◆ **What you are asked to do**
Omit all images, then repeat exactly the lines below from the one containing "cowhide-inspired rug delivers" through the one containing "浅野目聡一朗さんの総運は57画の4点!", both ends included.

◆ **Data in this exercise**
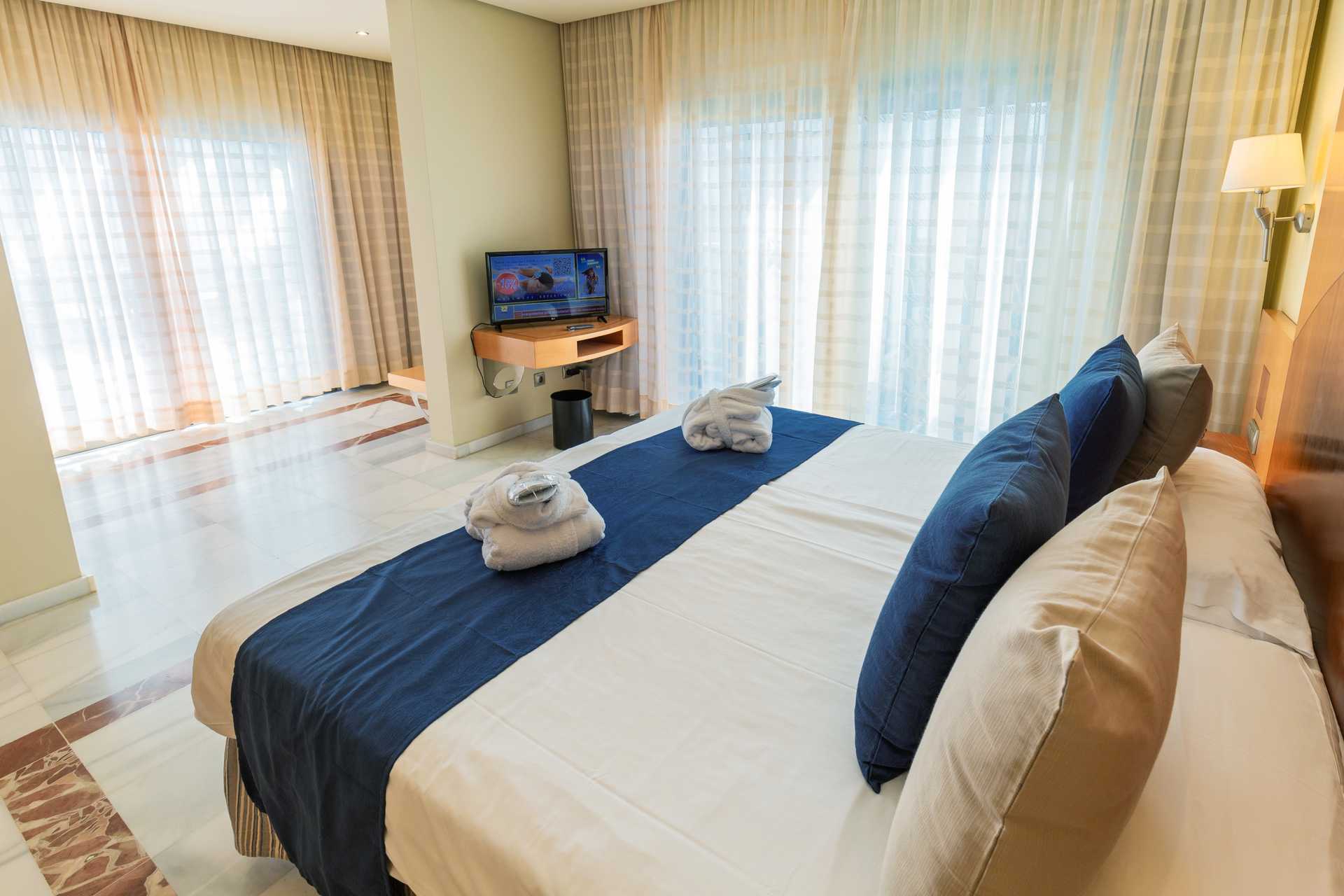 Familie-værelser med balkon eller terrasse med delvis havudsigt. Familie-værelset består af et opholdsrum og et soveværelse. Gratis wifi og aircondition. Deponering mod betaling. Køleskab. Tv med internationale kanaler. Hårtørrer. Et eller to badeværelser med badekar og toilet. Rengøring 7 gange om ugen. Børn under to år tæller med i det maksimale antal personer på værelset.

* * *

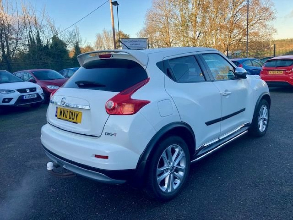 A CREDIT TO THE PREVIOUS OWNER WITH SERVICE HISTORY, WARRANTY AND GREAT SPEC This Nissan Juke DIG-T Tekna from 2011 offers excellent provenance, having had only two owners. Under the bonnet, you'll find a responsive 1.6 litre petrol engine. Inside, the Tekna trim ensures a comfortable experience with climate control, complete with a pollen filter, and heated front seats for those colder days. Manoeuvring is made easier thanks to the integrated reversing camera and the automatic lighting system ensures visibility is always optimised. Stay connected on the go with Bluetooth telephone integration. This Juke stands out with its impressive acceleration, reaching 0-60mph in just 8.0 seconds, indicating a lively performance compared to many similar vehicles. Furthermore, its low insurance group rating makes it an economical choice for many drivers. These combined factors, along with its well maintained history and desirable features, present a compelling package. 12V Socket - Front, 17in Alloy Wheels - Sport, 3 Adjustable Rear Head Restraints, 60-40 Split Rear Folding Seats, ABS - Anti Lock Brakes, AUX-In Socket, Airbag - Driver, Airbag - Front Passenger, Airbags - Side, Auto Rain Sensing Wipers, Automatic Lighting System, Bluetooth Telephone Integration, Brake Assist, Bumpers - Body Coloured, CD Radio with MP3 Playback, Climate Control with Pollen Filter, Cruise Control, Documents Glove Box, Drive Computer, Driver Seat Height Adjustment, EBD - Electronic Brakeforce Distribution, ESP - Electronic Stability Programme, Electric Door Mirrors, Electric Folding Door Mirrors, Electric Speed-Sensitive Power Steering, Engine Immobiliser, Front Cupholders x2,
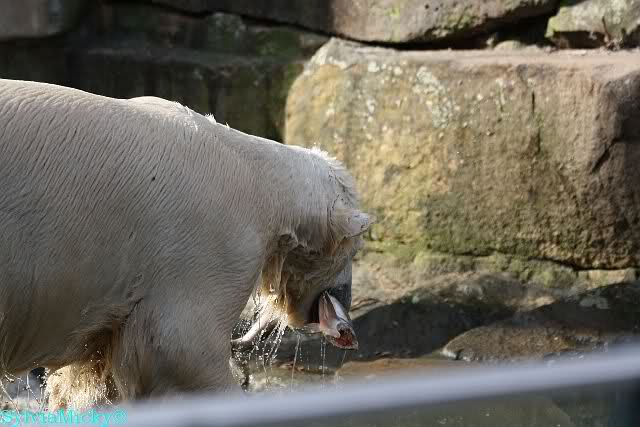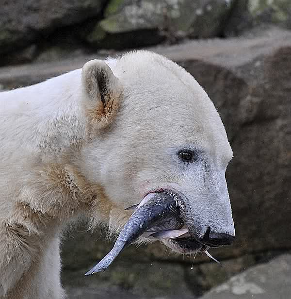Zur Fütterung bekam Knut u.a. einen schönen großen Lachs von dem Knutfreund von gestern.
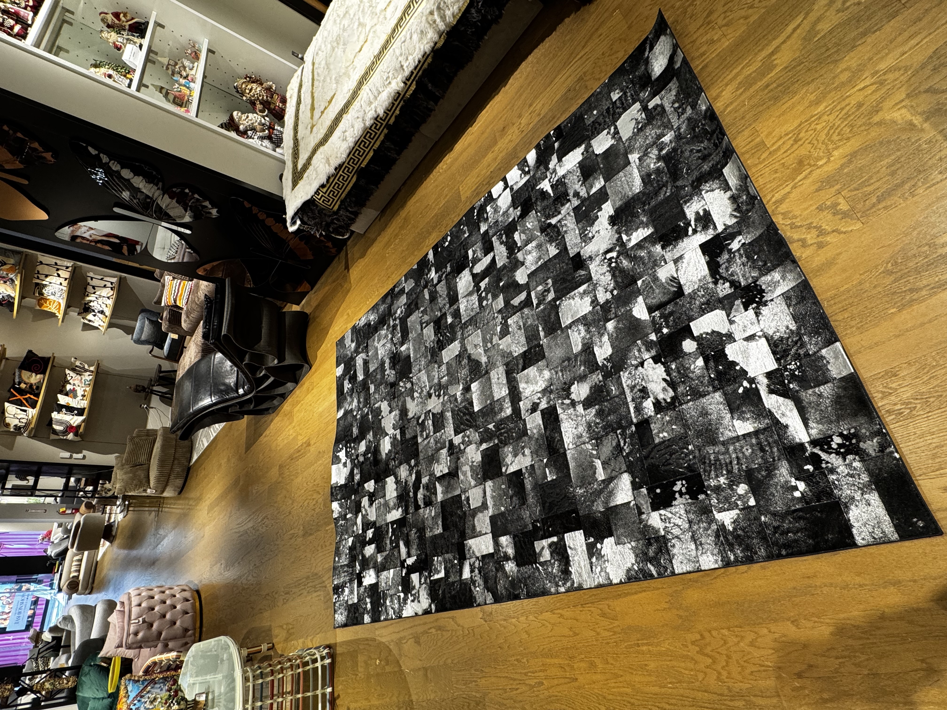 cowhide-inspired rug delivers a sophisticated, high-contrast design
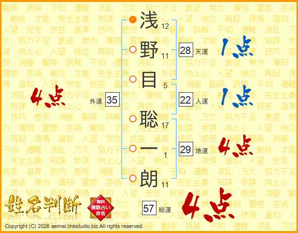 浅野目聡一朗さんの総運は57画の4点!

* * *

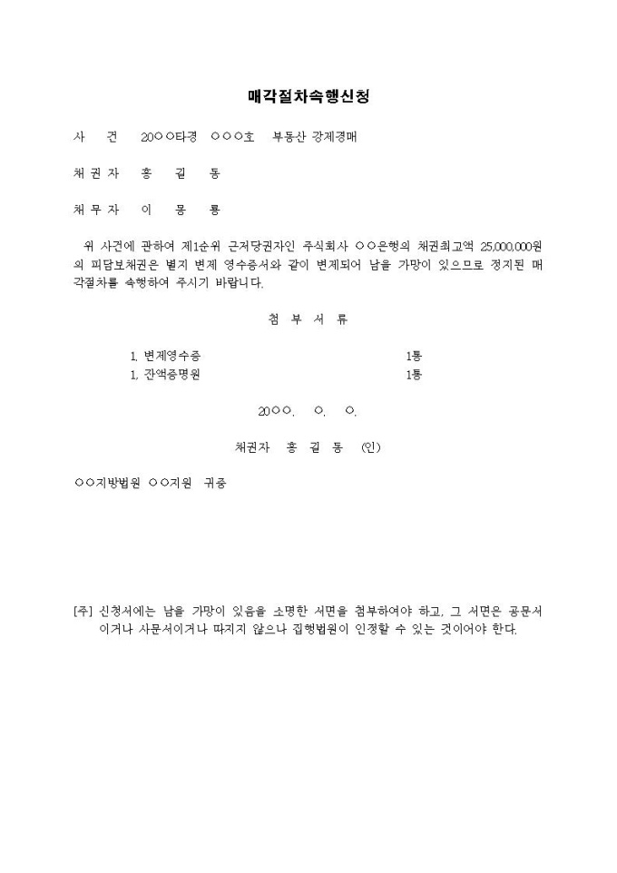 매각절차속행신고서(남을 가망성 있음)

◆ **Answer below**
 cowhide-inspired rug delivers a sophisticated, high-contrast design
 浅野目聡一朗さんの総運は57画の4点!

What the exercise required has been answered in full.